**Task requirements**.
An exact reproduction of the records is required, with all images left out.
*** Begin section ***
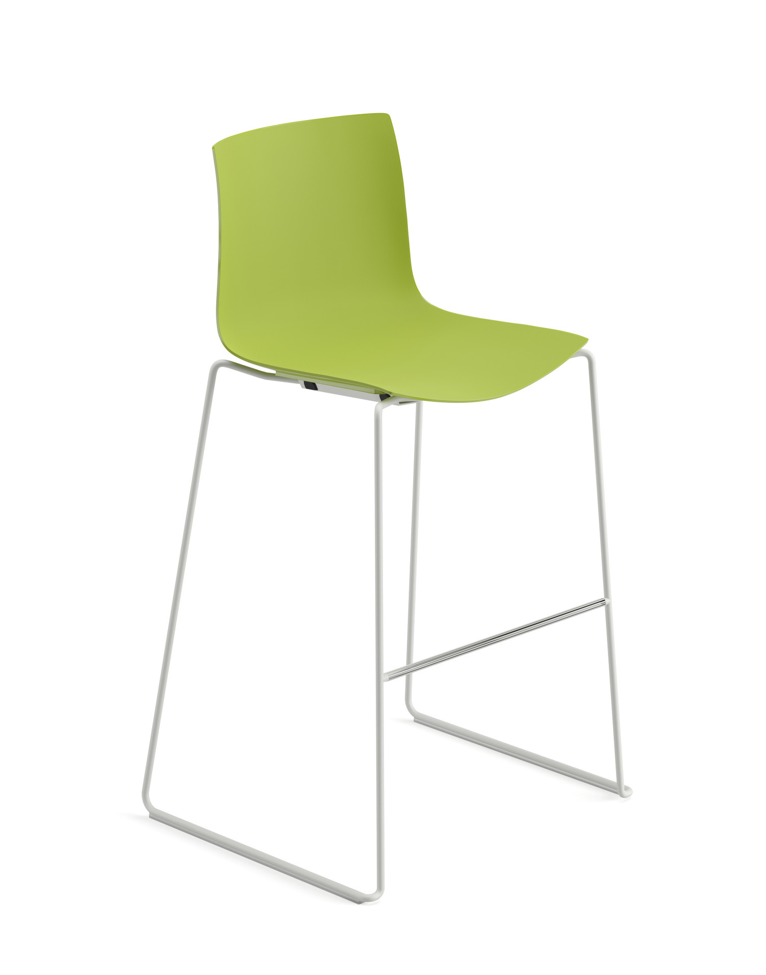 | Material: | Barhocker mit Kufengestell aus verchromtem oder lackiert Stahl, Schale aus Polypropylen einfarbig oder Polypropylen zweifarbig. |
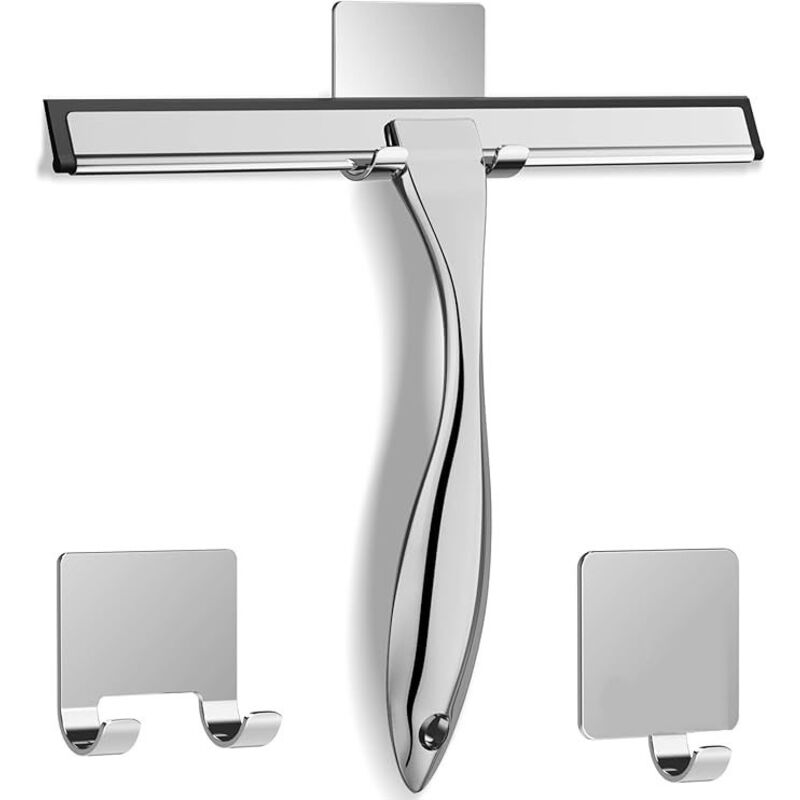 ecooe Raclette de Douche Vitre en Acier Inox, Douche Essuie-Glace 25cm avec Crochet sans Perçage et 1 Silicone Essuie-Glace de Rechange, Raclette Pour Salle De Bain,Miroir,Nettoyage en Verre,Carrelage
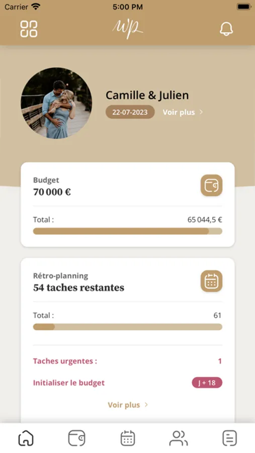 L'application WeddingPlan vous permet de retrouver toutes les informations essentielles à la gestion de vos événements. Synchronisez avec votre interface Web, vous retrouvez la liste des invités, le rétro-planning ou encore le suivi de votre budget
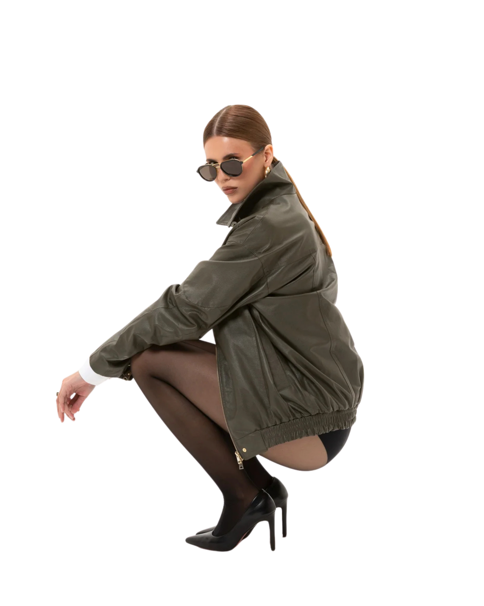 Bomber modello in pelle di agnello, foderato in caldo cotone , colletto a punta, spalle basse, chiusura con zip e bottoni.
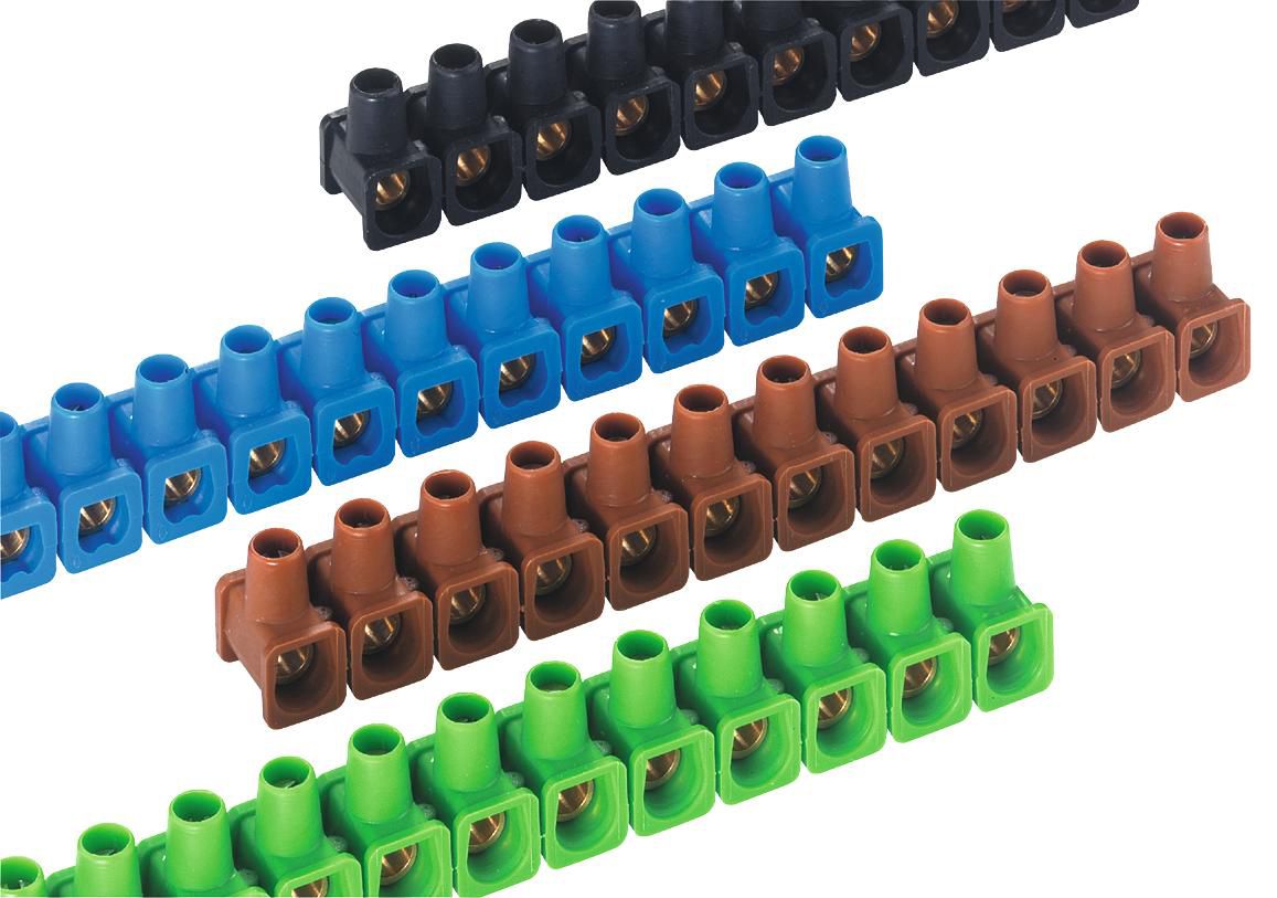 Klemmleiste, Dolü-Klemme, 12-polig, in Einzelklemmen abtrennbare Leiste, Schrauben hochgedreht, unverlierbar. Material: Polyamid. Farbig sortiert: 5x Schwarz, 2x Blau, 2x Gelbgrün, 1x Braun.
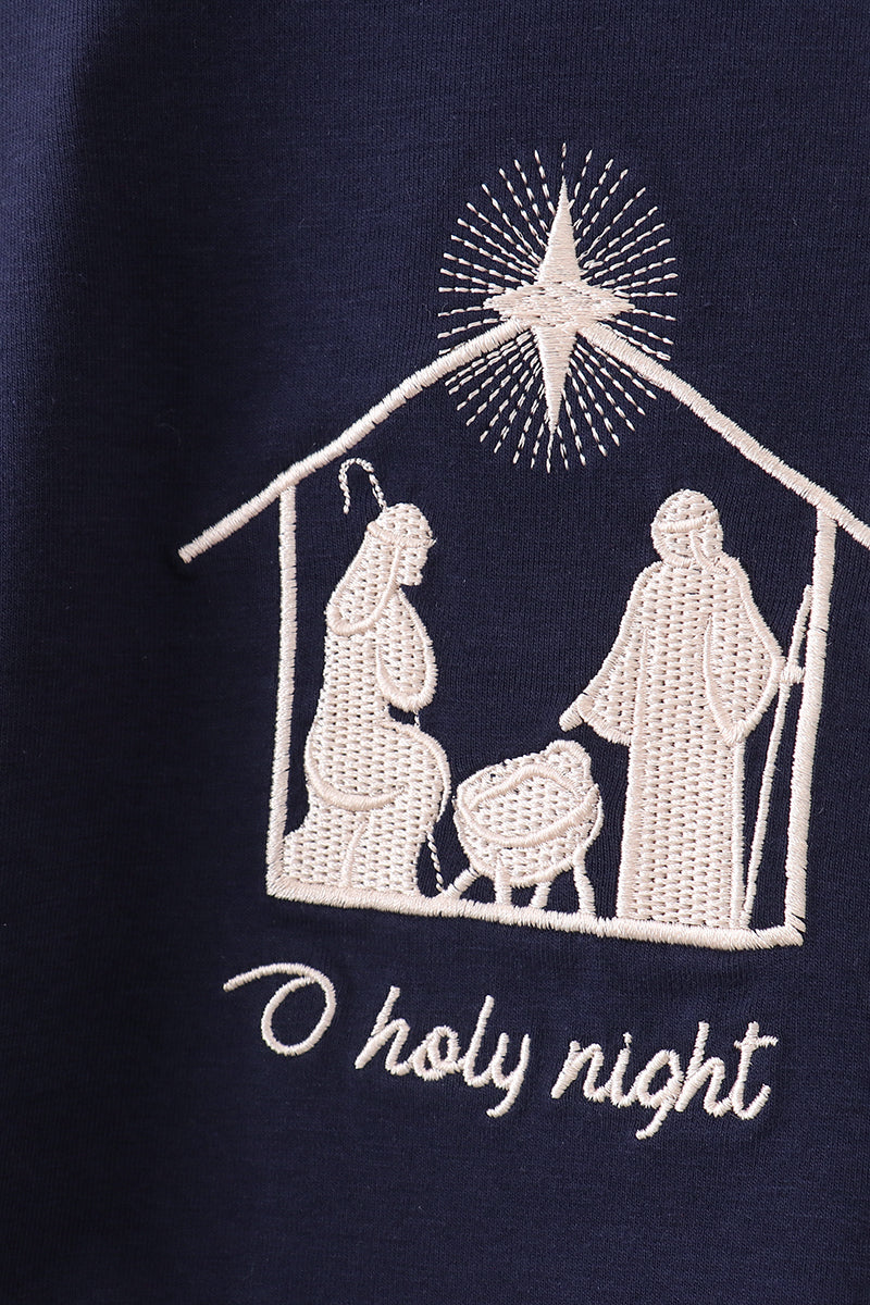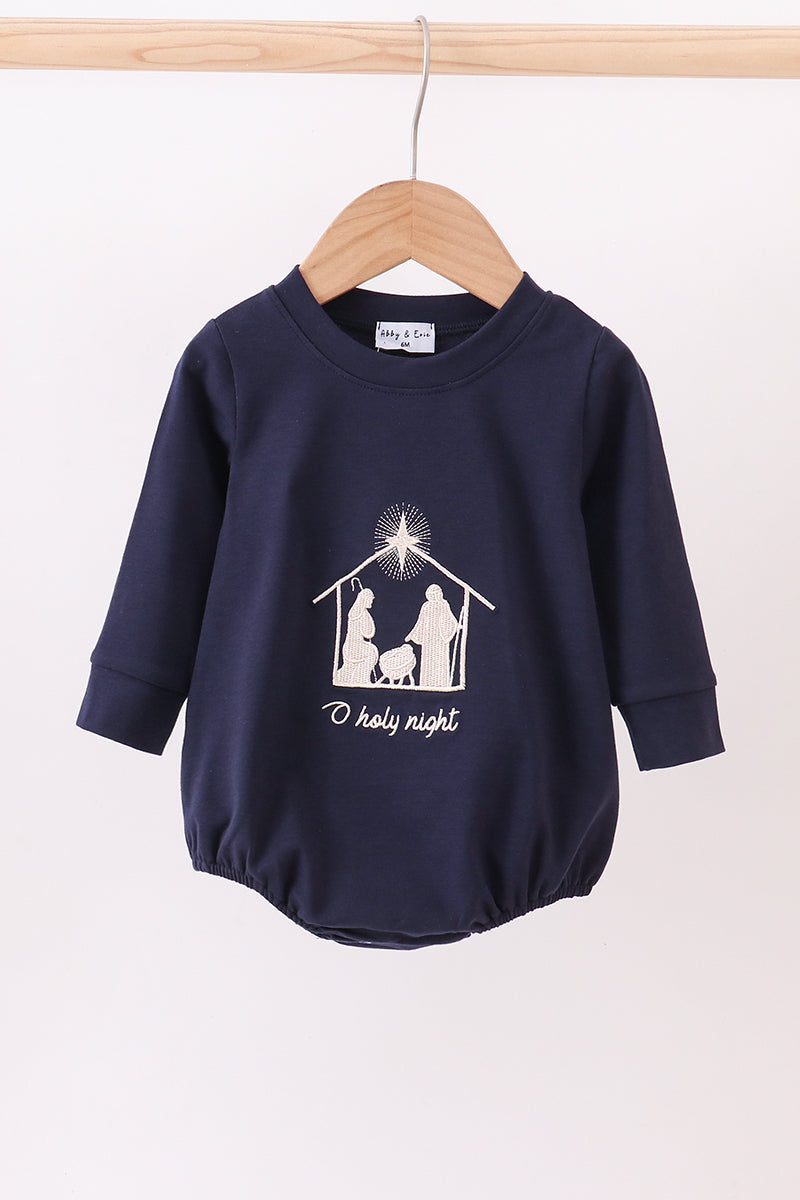 Navy nativity embroidery bubble
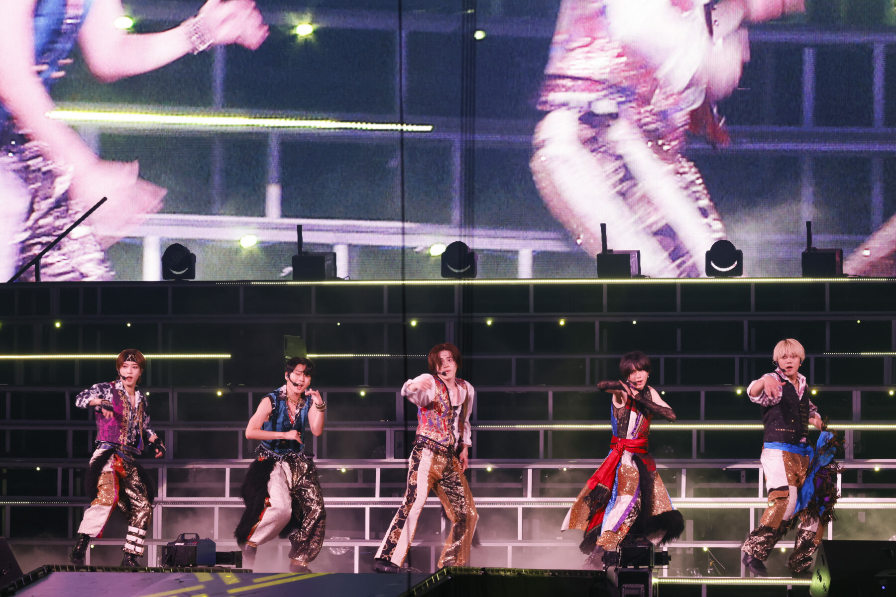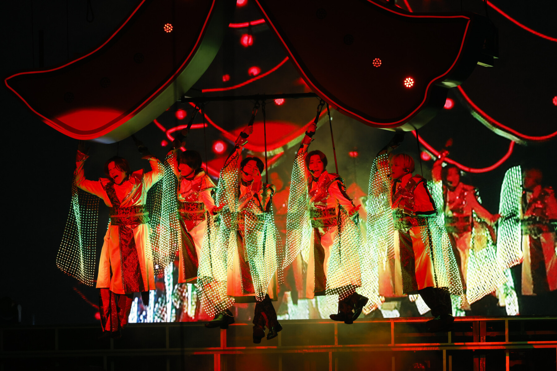 オープニングで登場した「天」のオブジェにぶら下がり、浮かび上がると、スクリーンの映像と本人たちの動きがシンクロし、5人が龍のように宙を舞う壮大な演出が繰り広げられた。和の衣装をまといながらも、最新テクノロジーで魅せる、ニュー&クラシックを体現するコーナーとなった。
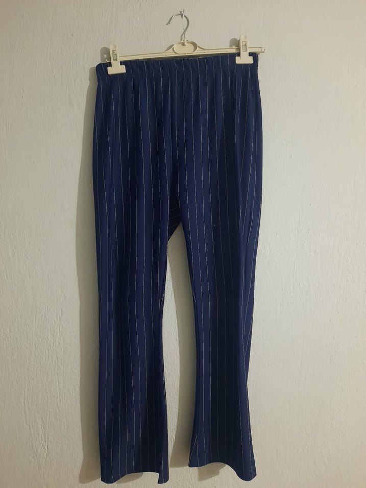 Lacivert pilili, parlak görünümlü, normal boy midi kadın pantolon. Rahat kesimiyle günlük sokak ve athleisure stiline uyum sağlar.
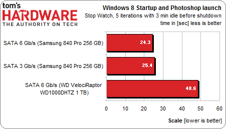 Again, we're looking at a near-draw as Windows 8 boots up, Adobe Photoshop CS6 starts, loads a picture, and then closes. Samsung's 840 Pro takes about a second longer to complete this sequence when we hook it up to a 3 Gb/s port, compared to its 6 Gb/s performance. That's not going to affect your productivity.
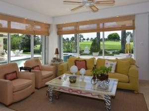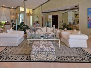 Spectacular lakefront home with gorgeous golf vista. There is a sit down bar in the living room. Featured is a bright and open flowing split floor plan. Four bedrooms plus office/media room, plus loft, plus maid's room. The downstairs spacious master has fantastic views and features abundant closets. There are two walk-in gentlemen's closets and the Hers walk-in closet is every woman's dream at 26 x 9 ft. His and Hers bathrooms with His doubling as a cabana bath. Every bedroom is en suite. Downstairs there are 3 bedrooms plus maid's bedroom off of laundry room. Upstairs there is one bedroom and a private loft and balcony overlooking the pool, lake, and golf. The downstair's are two beautiful guest bedrooms, and one is a mini-master. The sculptures in the yard are excluded.
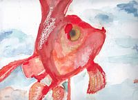 Aquarel van een goudvis. Het is een vooraangezicht dat de beweging en dynamiek van deze bijzondere vis laat zien. Het blauwe water maakt haast dat hij vliegt in een wolkenloze lucht.
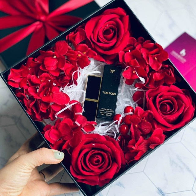 ✔️ hộp hoa đựng son, đựng quà giá siêu tốt. Hộp được làm từ bìa carton cứng dày dặn cán mẫu giấy xịn chắc chắn, hoa được làm từ chất liệu lụa dày màu đẹp bông to.
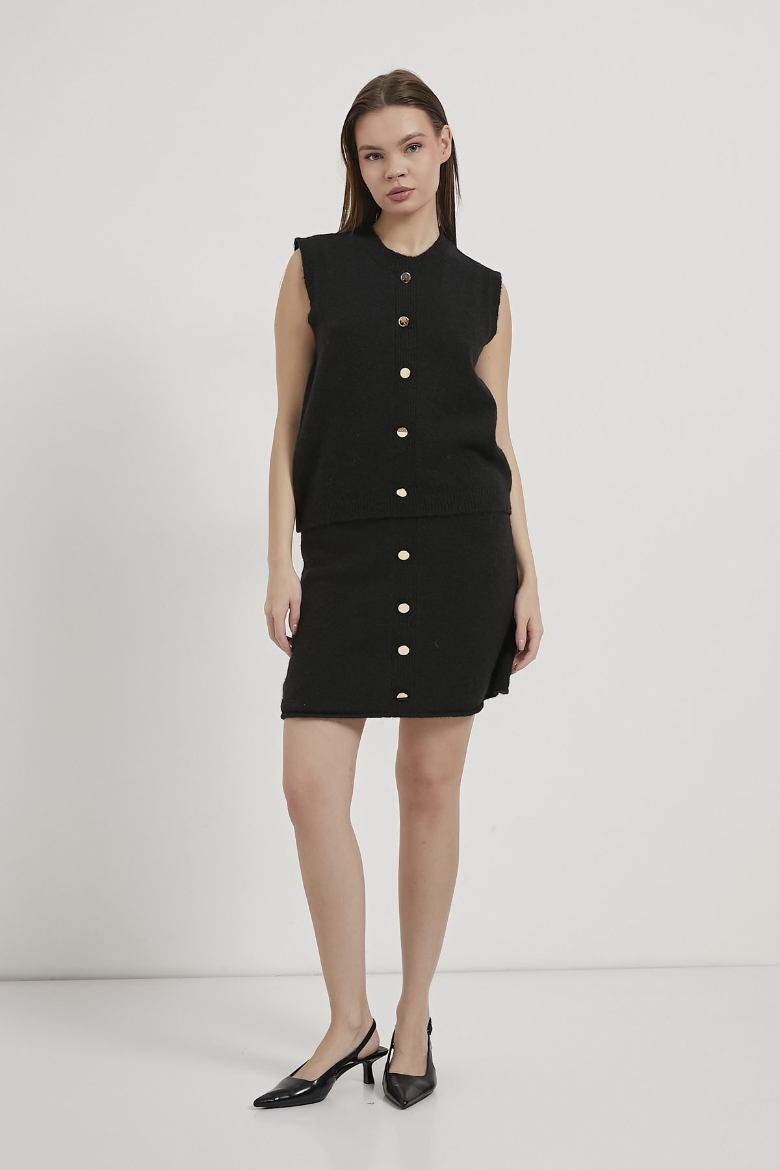 ARMALIFE 4982 GOLD DÜĞMELİ TRİKO YELEK ETEK KADIN TAKIM
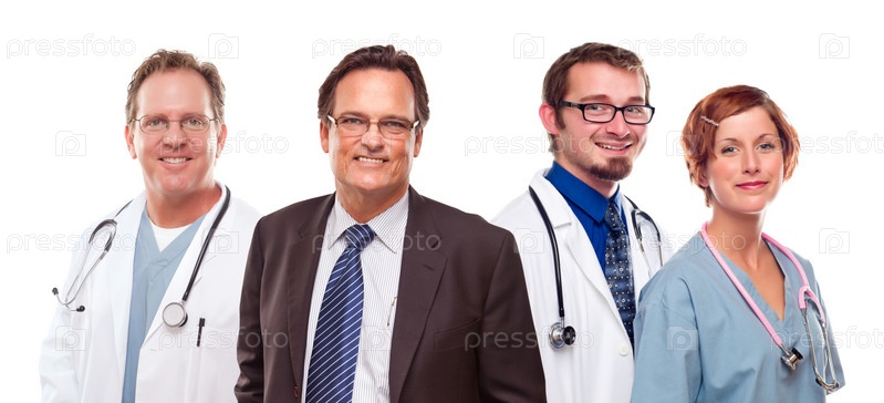 Улыбающийся бизнесмен, врачи и медсестры
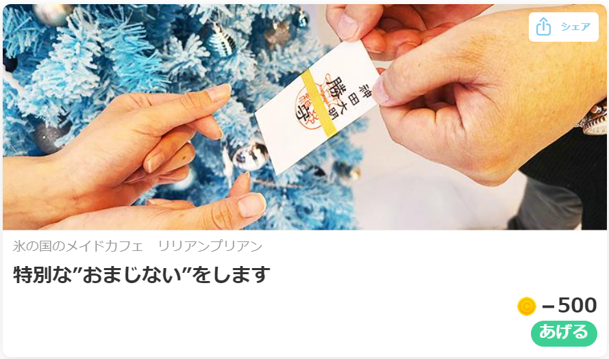 獲得したアキコは各スポットでの体験に利用が可能です。例えば、「メイドさんが御守に特別なおまじないをします(500アキコ)」や「ホテル内の1200冊の漫画が1時間読み放題(500アキコ)」、「クレーンゲーム1回無料(100アキコ)」など、秋葉原をさらに楽しめるちょっとうれしい体験ができます。
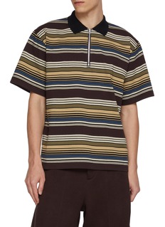 Recasting retro sportswear through a contemporary lens, this polo channels sacai’s signature hybridity with precision. Horizontal stripes bring graphic rhythm to crisp cotton poplin, while the zip-up neckline sharpens the silhouette for effortless, modern layering.
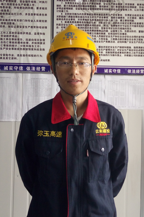 潘明,路橋三部安全總監(jiān),2015年獲評集團先進基層優(yōu)秀安全工作者,在工作中把現(xiàn)場安全監(jiān)督作為安全工作根本,主抓預(yù)防與控制,每天深入施工作業(yè)現(xiàn)場,辨識、管控主要危險源,排查并及時消除安全隱患。2016年8月來到大戛高速公路六工段,從房建板塊轉(zhuǎn)型到路橋板塊,扎實開展工作,從最基礎(chǔ)的國家管理規(guī)范著手,根據(jù)云南省平安工地建設(shè)方案、公司及指揮部的管理要求及辦法,完善內(nèi)業(yè)資料,在歷次的安全考核中,八個工段里六工段內(nèi)業(yè)考核排名第一。利用“走動式、觀察式、交流式、行動式”方法記錄項目情況,每周例會講評、每月底總結(jié),時刻繃緊安全這根弦。
*** End section ***
**Solution to this task**.
 | Material: | Barhocker mit Kufengestell aus verchromtem oder lackiert Stahl, Schale aus Polypropylen einfarbig oder Polypropylen zweifarbig. |
 ecooe Raclette de Douche Vitre en Acier Inox, Douche Essuie-Glace 25cm avec Crochet sans Perçage et 1 Silicone Essuie-Glace de Rechange, Raclette Pour Salle De Bain,Miroir,Nettoyage en Verre,Carrelage
 L'application WeddingPlan vous permet de retrouver toutes les informations essentielles à la gestion de vos événements. Synchronisez avec votre interface Web, vous retrouvez la liste des invités, le rétro-planning ou encore le suivi de votre budget
 Bomber modello in pelle di agnello, foderato in caldo cotone , colletto a punta, spalle basse, chiusura con zip e bottoni.
 Klemmleiste, Dolü-Klemme, 12-polig, in Einzelklemmen abtrennbare Leiste, Schrauben hochgedreht, unverlierbar. Material: Polyamid. Farbig sortiert: 5x Schwarz, 2x Blau, 2x Gelbgrün, 1x Braun.
 Navy nativity embroidery bubble
 オープニングで登場した「天」のオブジェにぶら下がり、浮かび上がると、スクリーンの映像と本人たちの動きがシンクロし、5人が龍のように宙を舞う壮大な演出が繰り広げられた。和の衣装をまといながらも、最新テクノロジーで魅せる、ニュー&クラシックを体現するコーナーとなった。
 Lacivert pilili, parlak görünümlü, normal boy midi kadın pantolon. Rahat kesimiyle günlük sokak ve athleisure stiline uyum sağlar.
 Again, we're looking at a near-draw as Windows 8 boots up, Adobe Photoshop CS6 starts, loads a picture, and then closes. Samsung's 840 Pro takes about a second longer to complete this sequence when we hook it up to a 3 Gb/s port, compared to its 6 Gb/s performance. That's not going to affect your productivity.
 Spectacular lakefront home with gorgeous golf vista. There is a sit down bar in the living room. Featured is a bright and open flowing split floor plan. Four bedrooms plus office/media room, plus loft, plus maid's room. The downstairs spacious master has fantastic views and features abundant closets. There are two walk-in gentlemen's closets and the Hers walk-in closet is every woman's dream at 26 x 9 ft. His and Hers bathrooms with His doubling as a cabana bath. Every bedroom is en suite. Downstairs there are 3 bedrooms plus maid's bedroom off of laundry room. Upstairs there is one bedroom and a private loft and balcony overlooking the pool, lake, and golf. The downstair's are two beautiful guest bedrooms, and one is a mini-master. The sculptures in the yard are excluded.
 Aquarel van een goudvis. Het is een vooraangezicht dat de beweging en dynamiek van deze bijzondere vis laat zien. Het blauwe water maakt haast dat hij vliegt in een wolkenloze lucht.
 ✔️ hộp hoa đựng son, đựng quà giá siêu tốt. Hộp được làm từ bìa carton cứng dày dặn cán mẫu giấy xịn chắc chắn, hoa được làm từ chất liệu lụa dày màu đẹp bông to.
 ARMALIFE 4982 GOLD DÜĞMELİ TRİKO YELEK ETEK KADIN TAKIM
 Улыбающийся бизнесмен, врачи и медсестры
 獲得したアキコは各スポットでの体験に利用が可能です。例えば、「メイドさんが御守に特別なおまじないをします(500アキコ)」や「ホテル内の1200冊の漫画が1時間読み放題(500アキコ)」、「クレーンゲーム1回無料(100アキコ)」など、秋葉原をさらに楽しめるちょっとうれしい体験ができます。
 Recasting retro sportswear through a contemporary lens, this polo channels sacai’s signature hybridity with precision. Horizontal stripes bring graphic rhythm to crisp cotton poplin, while the zip-up neckline sharpens the silhouette for effortless, modern layering.
 潘明,路橋三部安全總監(jiān),2015年獲評集團先進基層優(yōu)秀安全工作者,在工作中把現(xiàn)場安全監(jiān)督作為安全工作根本,主抓預(yù)防與控制,每天深入施工作業(yè)現(xiàn)場,辨識、管控主要危險源,排查并及時消除安全隱患。2016年8月來到大戛高速公路六工段,從房建板塊轉(zhuǎn)型到路橋板塊,扎實開展工作,從最基礎(chǔ)的國家管理規(guī)范著手,根據(jù)云南省平安工地建設(shè)方案、公司及指揮部的管理要求及辦法,完善內(nèi)業(yè)資料,在歷次的安全考核中,八個工段里六工段內(nèi)業(yè)考核排名第一。利用“走動式、觀察式、交流式、行動式”方法記錄項目情況,每周例會講評、每月底總結(jié),時刻繃緊安全這根弦。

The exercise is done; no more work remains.